#### Action item
Exactly the lines below starting at the line with "De hondenpuzzel bestaat" and ending at the line with "To små brødre" are wanted, with both ends included. Leave out the pictures and add no other lines.

#### Extracted entries
-- -- --

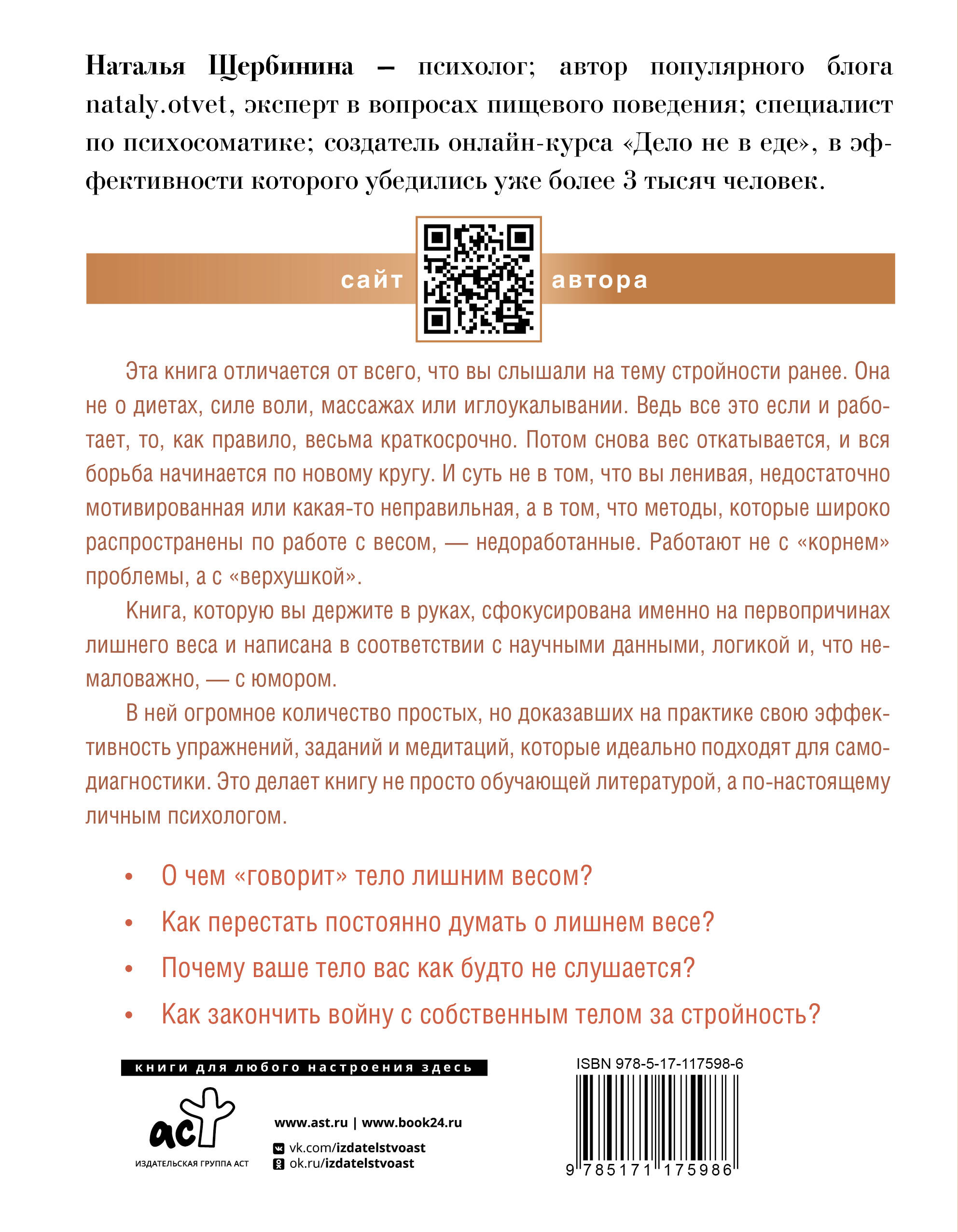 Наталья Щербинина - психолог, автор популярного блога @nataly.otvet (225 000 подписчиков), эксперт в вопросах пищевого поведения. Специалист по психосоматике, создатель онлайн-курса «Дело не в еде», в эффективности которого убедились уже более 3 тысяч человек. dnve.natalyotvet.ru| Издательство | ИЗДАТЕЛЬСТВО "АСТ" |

-- -- --

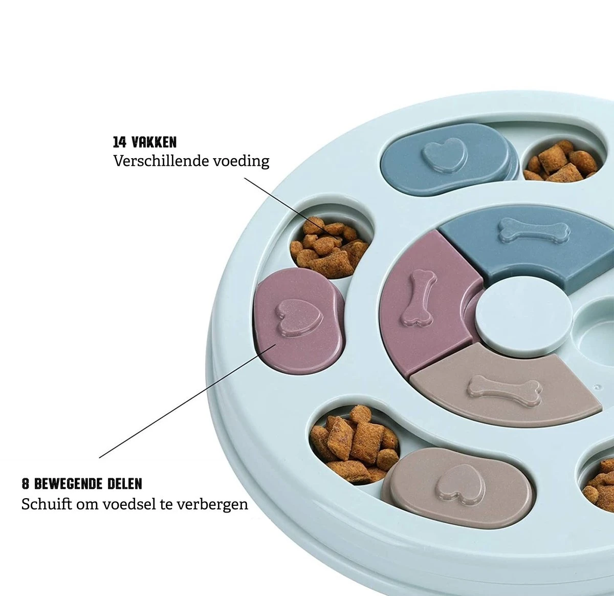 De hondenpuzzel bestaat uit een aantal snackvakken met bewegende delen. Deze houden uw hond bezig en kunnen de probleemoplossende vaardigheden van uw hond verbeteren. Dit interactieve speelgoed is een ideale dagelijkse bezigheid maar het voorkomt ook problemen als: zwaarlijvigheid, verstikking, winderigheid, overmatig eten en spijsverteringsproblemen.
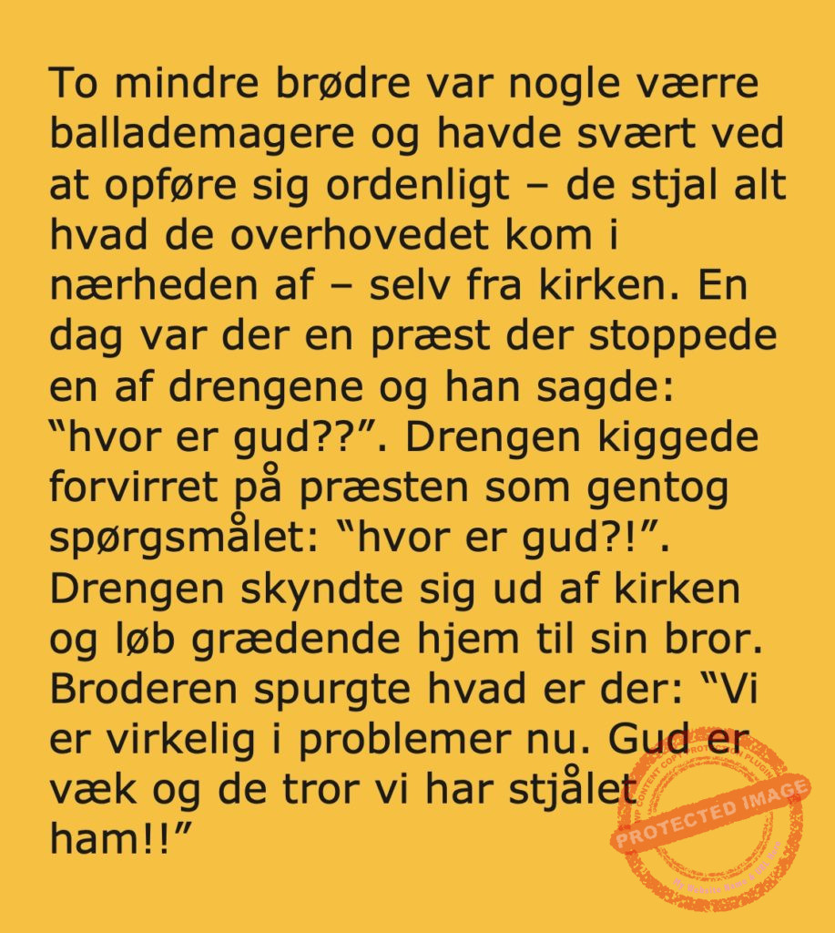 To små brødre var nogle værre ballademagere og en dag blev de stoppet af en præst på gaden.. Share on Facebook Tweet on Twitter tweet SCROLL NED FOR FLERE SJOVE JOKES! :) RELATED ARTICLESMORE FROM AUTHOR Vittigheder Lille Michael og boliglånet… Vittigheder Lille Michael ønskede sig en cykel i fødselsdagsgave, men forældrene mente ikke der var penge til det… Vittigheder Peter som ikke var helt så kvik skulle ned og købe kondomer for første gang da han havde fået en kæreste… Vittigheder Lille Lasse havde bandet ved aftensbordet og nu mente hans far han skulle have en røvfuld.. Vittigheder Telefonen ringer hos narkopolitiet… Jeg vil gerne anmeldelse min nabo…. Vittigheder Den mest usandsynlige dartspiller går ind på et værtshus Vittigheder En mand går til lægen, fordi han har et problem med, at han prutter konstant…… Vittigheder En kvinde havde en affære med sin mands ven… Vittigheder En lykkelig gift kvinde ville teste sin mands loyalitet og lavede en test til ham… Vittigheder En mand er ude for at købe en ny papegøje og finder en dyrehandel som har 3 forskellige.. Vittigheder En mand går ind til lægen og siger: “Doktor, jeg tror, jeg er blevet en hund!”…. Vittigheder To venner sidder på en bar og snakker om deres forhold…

-- -- --

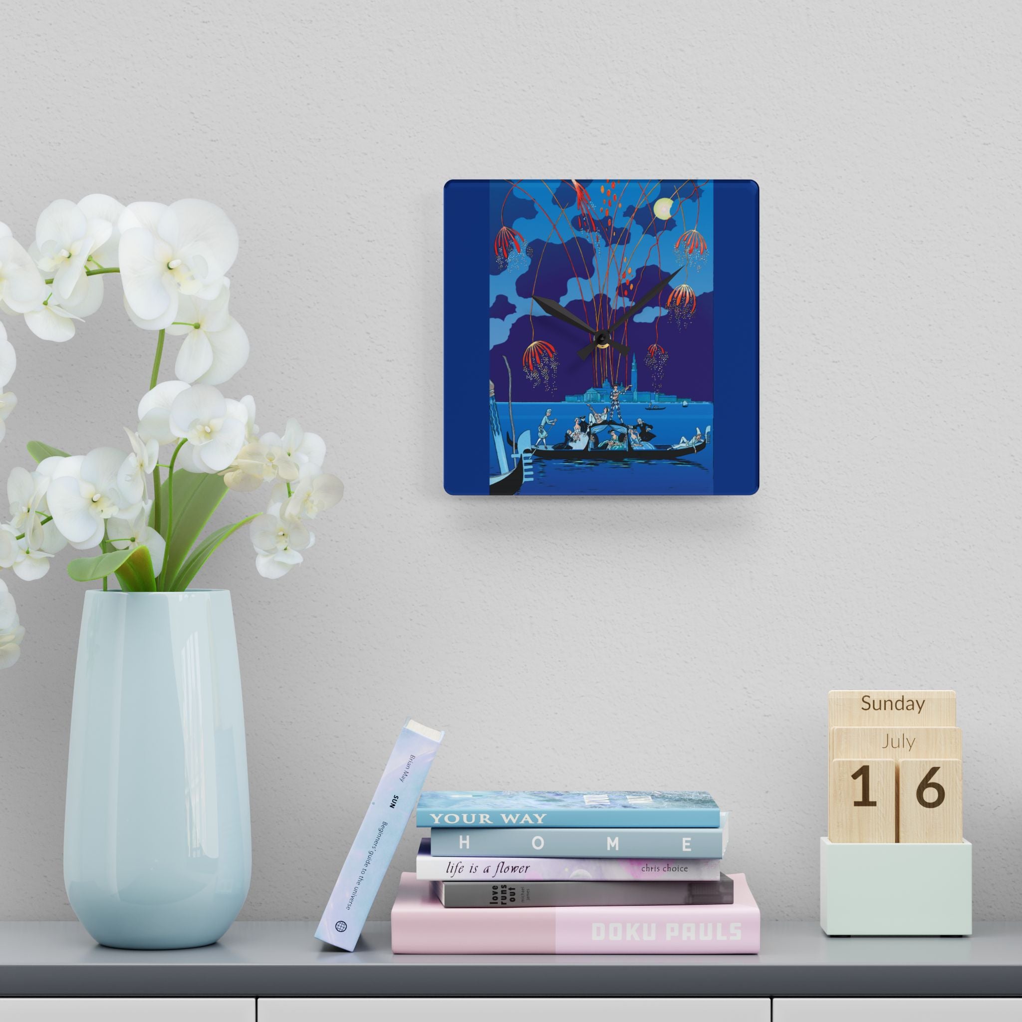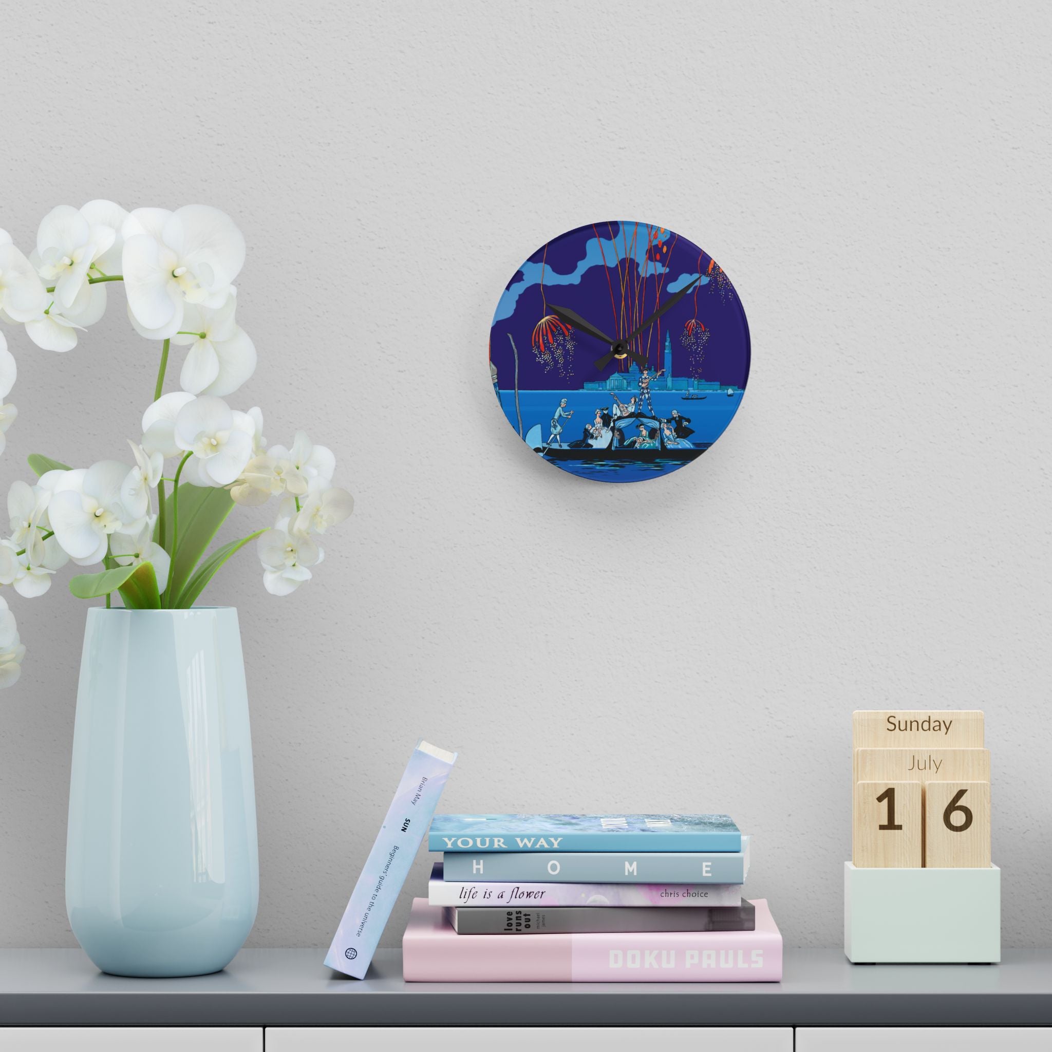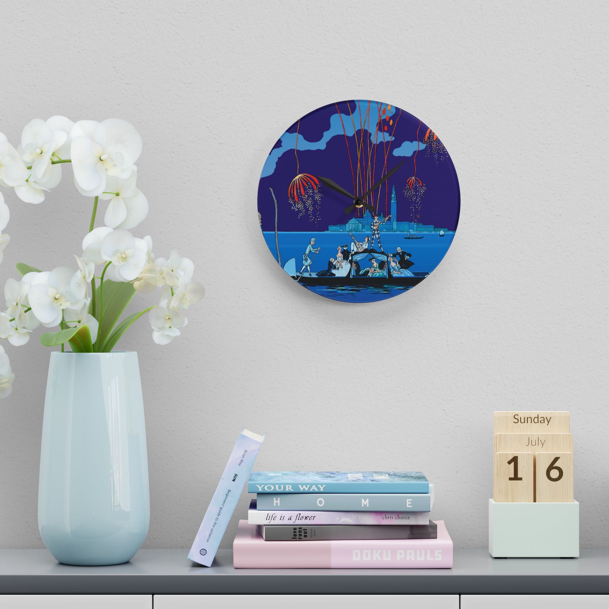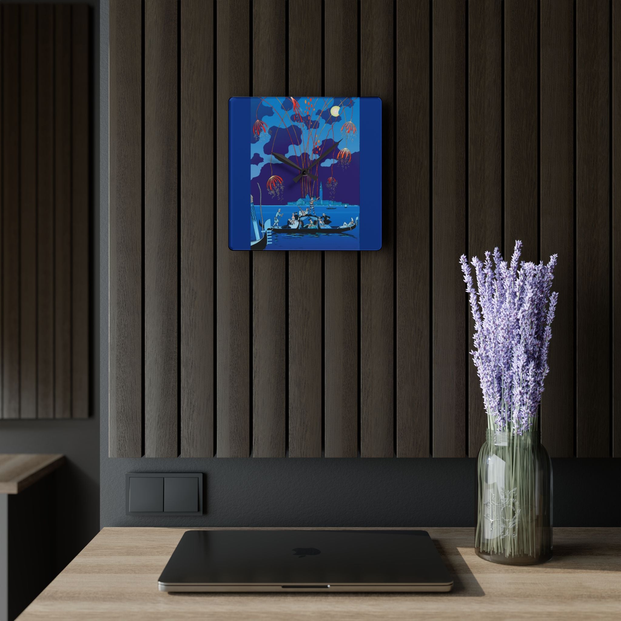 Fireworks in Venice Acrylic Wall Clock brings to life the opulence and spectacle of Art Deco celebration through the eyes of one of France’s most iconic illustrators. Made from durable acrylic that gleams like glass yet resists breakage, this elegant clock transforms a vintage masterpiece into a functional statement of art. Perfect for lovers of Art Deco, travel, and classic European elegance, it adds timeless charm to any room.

-- -- --

#### Task output
 De hondenpuzzel bestaat uit een aantal snackvakken met bewegende delen. Deze houden uw hond bezig en kunnen de probleemoplossende vaardigheden van uw hond verbeteren. Dit interactieve speelgoed is een ideale dagelijkse bezigheid maar het voorkomt ook problemen als: zwaarlijvigheid, verstikking, winderigheid, overmatig eten en spijsverteringsproblemen.
 To små brødre var nogle værre ballademagere og en dag blev de stoppet af en præst på gaden.. Share on Facebook Tweet on Twitter tweet SCROLL NED FOR FLERE SJOVE JOKES! :) RELATED ARTICLESMORE FROM AUTHOR Vittigheder Lille Michael og boliglånet… Vittigheder Lille Michael ønskede sig en cykel i fødselsdagsgave, men forældrene mente ikke der var penge til det… Vittigheder Peter som ikke var helt så kvik skulle ned og købe kondomer for første gang da han havde fået en kæreste… Vittigheder Lille Lasse havde bandet ved aftensbordet og nu mente hans far han skulle have en røvfuld.. Vittigheder Telefonen ringer hos narkopolitiet… Jeg vil gerne anmeldelse min nabo…. Vittigheder Den mest usandsynlige dartspiller går ind på et værtshus Vittigheder En mand går til lægen, fordi han har et problem med, at han prutter konstant…… Vittigheder En kvinde havde en affære med sin mands ven… Vittigheder En lykkelig gift kvinde ville teste sin mands loyalitet og lavede en test til ham… Vittigheder En mand er ude for at købe en ny papegøje og finder en dyrehandel som har 3 forskellige.. Vittigheder En mand går ind til lægen og siger: “Doktor, jeg tror, jeg er blevet en hund!”…. Vittigheder To venner sidder på en bar og snakker om deres forhold…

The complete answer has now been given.